One little truth about life that I’ve realized over the years is that it doesn’t take a lot to make somebody’s day. When I’m the Watchdog, I make every effort to learn a few new names that I didn’t know before. Kids’ faces never fail to light up when you say “hi” to them by name in the hall. Once I had a boy ask me in amazement, “How did you know my name?” I swear I could actually see his self-esteem rise when I replied, “I remember you from last time I was the Watchdog.” When working with them in class, a little praise does wonders as well; a simple “nice job, Angie” or “good work, Martin,” never fails to build them up, unless their names aren’t Angie or Martin, so please remember my earlier point about learning names. Getting the painfully shy kids to crack a smile, or getting the wallflowers to play at recess are other things that make these kids grow a little bit right in front of you. Every class has one or two odd-balls that tend to get shunned by the cruel life of elementary school, so I make every effort to seek them out and sit with them at lunch, play some crazy make-believe game at recess with them, or just chat with them for a few minutes during the day about their favorite movie or superhero. Something as minor as throwing a pass to the kid nobody throws to in football at recess can make a lasting mark on all of the kids, so make sure to keep an eye out for those little words and gestures that can mean so much more to the hearts of these kids.

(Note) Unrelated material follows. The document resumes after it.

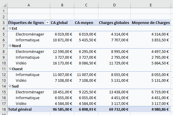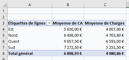 Vous devez présenter les résultats de votre tableau croisé dynamique en 4 feuilles

imageSo, if your kids’ school has the Watch D.O.G.S. program in place, I’d strongly encourage you to spend a day or two with your kids and their peers during the next school year. And if your school doesn’t have Watch D.O.G.S., suggest it to the principal or to the PTA. I’ve certainly found that the rewards of investing your time as a Watchdog extend far beyond quality time with your own kids, and actually reach your local community as a whole.